The principle on which Protestants seek even worldly felici­ty is false, and we can say nothing better of them, than that they prove themselves fools, - yes, pure, unmitigated fools,- in following it. When was it ever known that pride, following itself, did not meet mortification, or that any worldly distinc­tion or good, sought for its own sake, did not either baffle pur­suit, or prove a canker to the heart ? Did you ever see a man running after fame that ever overtook it, or a man always nursing his health that was ever other than sickly ? Have you no eyes, no cars, no understanding ? Fame comes, if at all, unsought, greatness follows in the train of humility, and happi­ness, coy to the importunate wooer, throws herself into the arms of him who treats her with indifference. All experience proves the truth of the principle, " Seek first the kingdom of God, and his justice, and all these things shall be superadded unto you." Take it as inspiration, as the word of God, or as a maxim of human prudence, it is equally true, and he who runs against it only proves his own folly. " Live while you live," says the Protestant Epicurean. Be it so ; live while you live, but live you cannot, unless you live to God, according to the principles of the Catholic religion. Live now you do not, and you know you do not ; you are only just agoing, and not a few of you fear that you are never even agoing to live, as all your poetry, with its deep pathos and melodious wail, too amply proves.

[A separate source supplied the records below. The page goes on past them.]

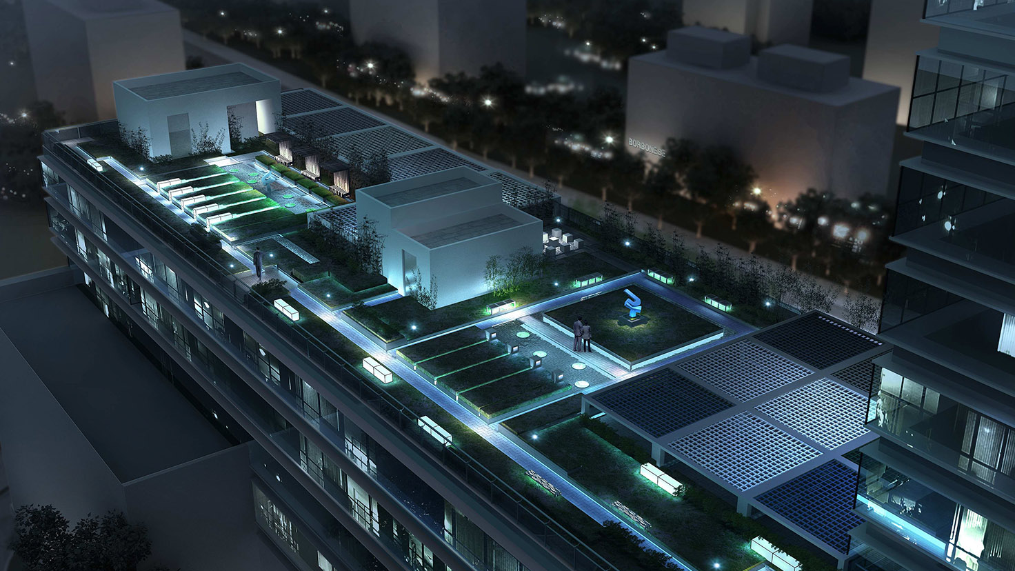 項(xiàng)目規(guī)模:外環(huán)境9612㎡、屋頂花園3192㎡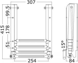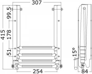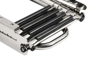 Platformun altına montaj kayar merdiven. Tutamaklı. Titreşim önleme kilitli. AISI 316 paslanmaz çelik.
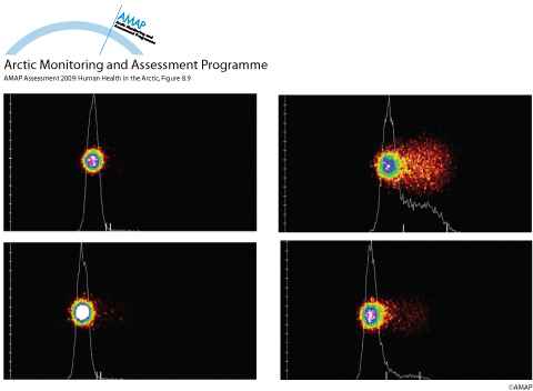Representative comet images for a healthy donor, benzo[a]pyrene diol epoxide treated cells from a healthy donor, a participant with low DNA damage and a participant with some DNA damage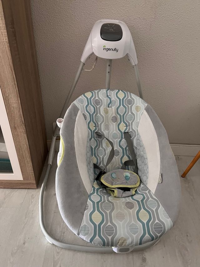 Detalles del productoHamaca mecedora para bebés de la marca Ingenuity. Cuenta con un diseño moderno y cómodo.

Here comes in to our aid the excellent work before us. It exactly meets the present state of the Protestant world, and makes the only kind of appeal to which, in their present mood, they will listen. Its author makes no apology for Catho­licity, he offers no direct argument for its truth ; he simply comes forward and compares the respective influences of Prot­estantism and Catholicity on European civilization, and shows, that, while Catholicity tends unceasingly to advance civilization, Protestantism as unceasingly tends to savagism, and that it is to its hostile influences we owe the slow progress of European civilization during the last three centuries. He shows that Protestantism is hostile to liberty, to philosophy, to the higher mental culture, to art, to equality, to political and social well-being. He shows it, we say ; not merely asserts, but proves it, by unanswerable arguments and undeniable facts. Jf any one doubts our judgment, we refer him to the work itself, and beg him to gainsay its facts, or answer its reasoning, if he can. The Protestant who reads it will hardly boast of his Protes­tantism again.